New audit blames understaffing and mismanagement of San Diego’s large code investigation backlog

Understaffing and mismanagement have dramatically slowed San Diego investigations into sewage leaks, illegal fencing, barking dogs and other citywide code violations, according to a new verification out June 9.

The city’s case backlog roughly doubled between January 2018 and January 2021, from 3,178 to 6,306, according to the audit.

The number of cases investigated fast enough to meet the city’s goals increased from 64% to 56% during this period. The decline was more pronounced (77% to 55%) for high-priority cases that pose imminent health and safety threats, such as exposed wires and unstable structures.

According to the audit, city code officers are also slow to investigate many cases and issue fines and other penalties that can be crucial to achieving compliance.

Some cases are active for more than 600 days without written notice being sent to the affected owner, and a significant percentage of active cases do not receive follow-up inspections.

The audit also found that San Diego missed opportunities to collect more than $500,000 from homeowners by not issuing required reinspection fees. And almost a third of the cases were not inspected at all.

The audit attributes the problems to excessive workloads for code compliance officers, inaccuracies in how they collect and use data, and the failure of officers and their supervisors to effectively use compliance management tools. case that the city pays.

San Diego spends significantly less per capita on code compliance efforts than any other major city in California, the audit found. San Diego spends $6.40 per year per capita, while Sacramento spends $22.80, Long Beach $16.80, and Los Angeles $16.

The results are similar when major cities in California are compared for code-compliant staffing. Los Angeles and San Jose have 40% more staff per capita, while Long Beach has more than double the staff per capita and Sacramento has more than triple.

San Diego has 73 full-time employees dedicated to enforcing the code at an annual cost of $9 million.

Mayor Todd Gloria’s proposed budget for the new fiscal year that begins July 1 would increase those numbers to 90 workers and $11 million. But much of the increase is intended to cover additional enforcement required by a new municipal law governing short-term vacation rentals.

On a positive note, the audit found no evidence of bias or racism in code compliance efforts. “We found no significant relationship between demographic information and fines or response times,” the audit said.

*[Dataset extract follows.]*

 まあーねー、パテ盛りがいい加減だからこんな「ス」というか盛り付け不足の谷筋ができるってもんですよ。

While the number of high-priority cases that met the city’s goal of investigating within one day has dropped over the years studied, most of these cases were investigated in the three days. However, the audit revealed that 36 high priority cases had not been investigated for at least 20 days.

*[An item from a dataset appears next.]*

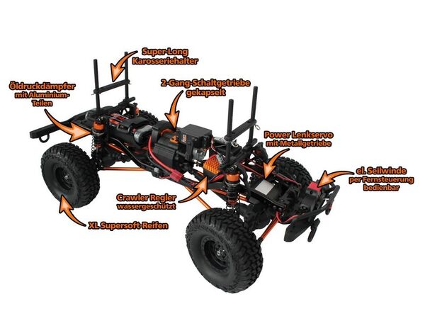 Die Beliebtheit von Crawler-RC-Modellen steigt immer weiter. Auch aus dem Hause df Models bekommen Sie nun ein weiteres Crawler-Modell. Der neue DF-4S Scale-Crawler 313mm JYM Edition hat ein Metallrahmenchassis, Differentialsperren, Super-Torque-Crawler Motor und einen speziellen, jetzt LiPo-tauglichen, Crawler-Regler. Ein 2-Gang-Schaltgetriebe sowie eine elektrische Seilwinde runden das Modell ab. Über die neue 5-Kanal-Anlage lassen sich die neue LED-Beleuchtung mit Blinkern und Bremslicht ein-/ ausschalten, das 2-Gang-Schaltgetriebe bedienen und die Seilwinde vor und zurück steuern. Es sind bereits viele Aluminiumteile verbaut. Die Karosserie ist höhenverstellbar um diese so auf die individuellen Bedürfnisse anzupassen. Extrem Geländegängig, lange Fahrzeit und Supersoftreifen lassen das Crawler-Herz höherschlagen.

“This indicates that cases can slip through the cracks and violations that potentially threaten health and safety are not always assessed promptly,” the audit said.

The audit also determined that the city is not analyzing how effectively it handles investigations in a way that would allow for improvement and greater efficiency.

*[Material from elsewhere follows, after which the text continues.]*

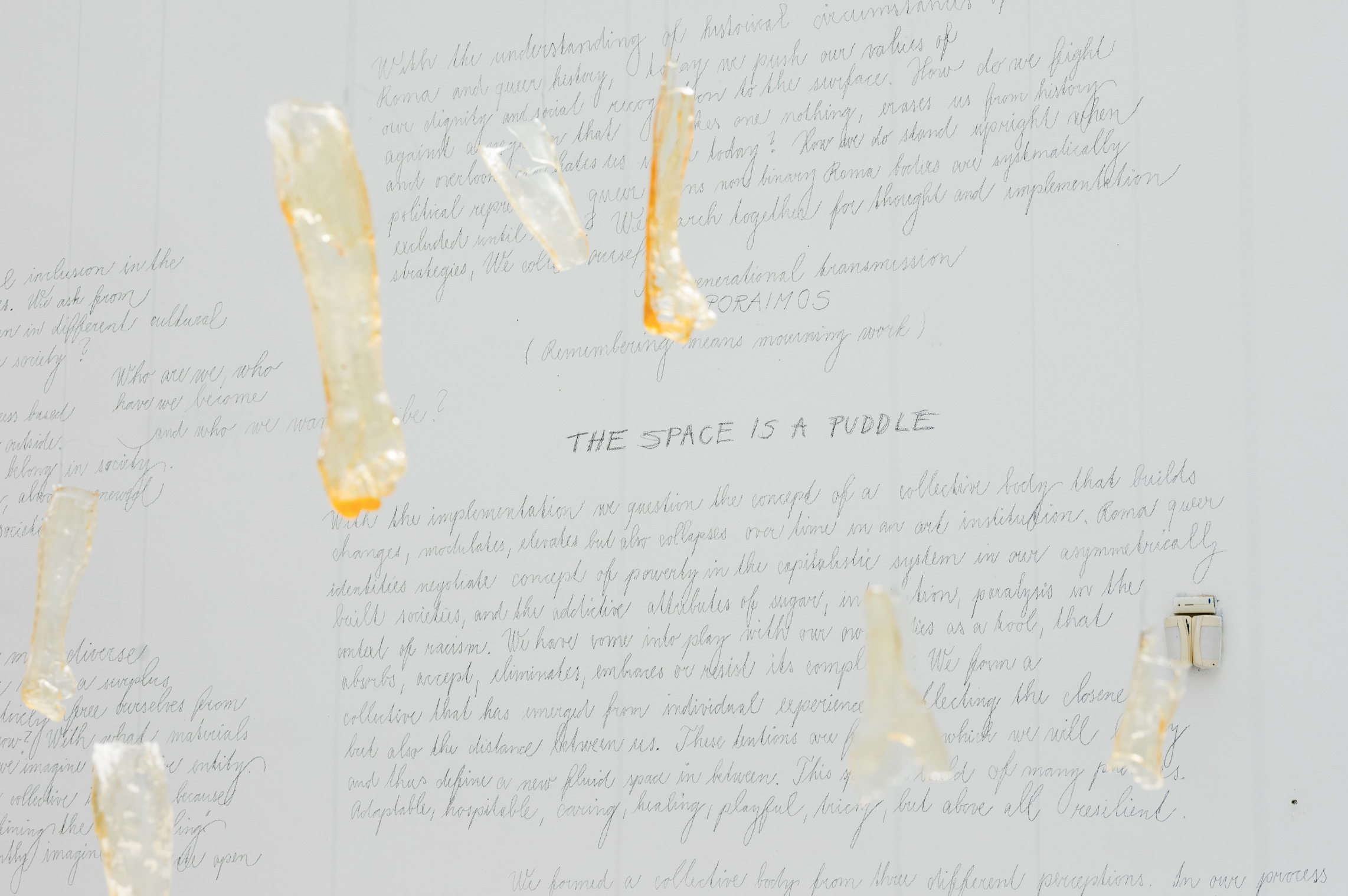 Jak přemýšlet o vztahu násilí a života? Jak můžeme dovolit své zranitelnosti, aby zranitelnou zůstala? Bienále Ve věci umění 2022 zve k objevování různých uměleckých pozic, které kladou tyto navzájem propojené otázky skrze vyjádření různých pocitů, média a další výstupy. Výstava je sborem hlasů, který je někdy harmonický a jindy kakofonický a který hledá cesty, jimiž je možné zpochybnit zažité příběhy o zcela soběstačných hrdinských postavách, jež dokážou vyvinout mimořádné úsilí ke zdolávání nepřízně osudu. Odkud pochází rčení, že co nás nezabije, to nás – a za jakou cenu – posílí? Umění na této výstavě oproti tomu vypráví příběhy o zranitelných tělech a neuspokojivých společenských uspořádáních, jež jsou závislá na jiných a navzájem neoddělitelných tělech, prostředích a infrastrukturách. Umělecká díla jsme vybírali s ohledem na skutečnost, že si všichni musíme hledat své místo v kontextu různých mocenských dynamik a hierarchií. Výstava začleňuje ,menšinovou‘ perspektivu dětí, tzv. neprofesionálních umělců a umělkyň, dospělých dětí a introvertních lidí i ,neplnohodnotnou‘ zkušenost chronicky nemocných, předčasně zemřelých a ,monstrózních lidí‘ jakožto aktérů, kteří jednají, tvoří a určují významy. Vystavená díla jsou si stejně tak vědoma, že násilnost současných podmínek je zakořeněna v historických traumatech a že za každou soudobou krizí, jakými jsou pandemie či válka, tkví minulost. Někdy – jako na této výstavě – získávají dopady násilí na těla a věci prostřednictvím umění výmluvnější podobu. I když nás učili, že utrpení nás posiluje nebo že trauma lze vyléčit, chceme navrhnout alternativní řešení: pečujme o svá zranitelná místa.

“While supervisors are expected to identify patterns of missing or overdue inspections, we found that they did not have the necessary report from the case management system to do so,” the audit said.

These issues relate to a less than ideal use of an Accela technology system that follows code cases for the city.

“The methodology for calculating code application response time objective metrics is incomplete and overestimates actual performance by 13 to 28 percentage points,” the audit said. “Additionally, we found that several Accela fields contain significant errors, and the code enforcement review does not sufficiently ensure the accuracy of the data entered.”

City Auditor Andy Hanau made 10 recommendations for new policies and adjustments. The city’s Department of Developmental Services, which oversees enforcement of the code, has agreed to implement them all.

Key recommendations include:
• Reinstate a voluntary compliance program to reduce the number of low-priority cases that investigators need to inspect
• Establish a key performance indicator for optimal average workload for construction and zoning surveyors
• Improve interviewer efficiency by creating new Accela fields and requiring interviewers to enter upcoming tasks in Accela
• Update the Code Enforcement Procedures Manual, develop and use Accela tools such as online reports or dashboards, and require systematic and regular supervisory review to help management monitor the status of case
• Create and use a report that accurately measures code application progress on its KPI for initial response times
• Create a checklist for online records and have code enforcement management perform periodic audits of investigator records

The audit is due to be presented to the City Council‘s Audit Committee for discussion on Wednesday, June 15.

— La Jolla Light staff contributed to this report.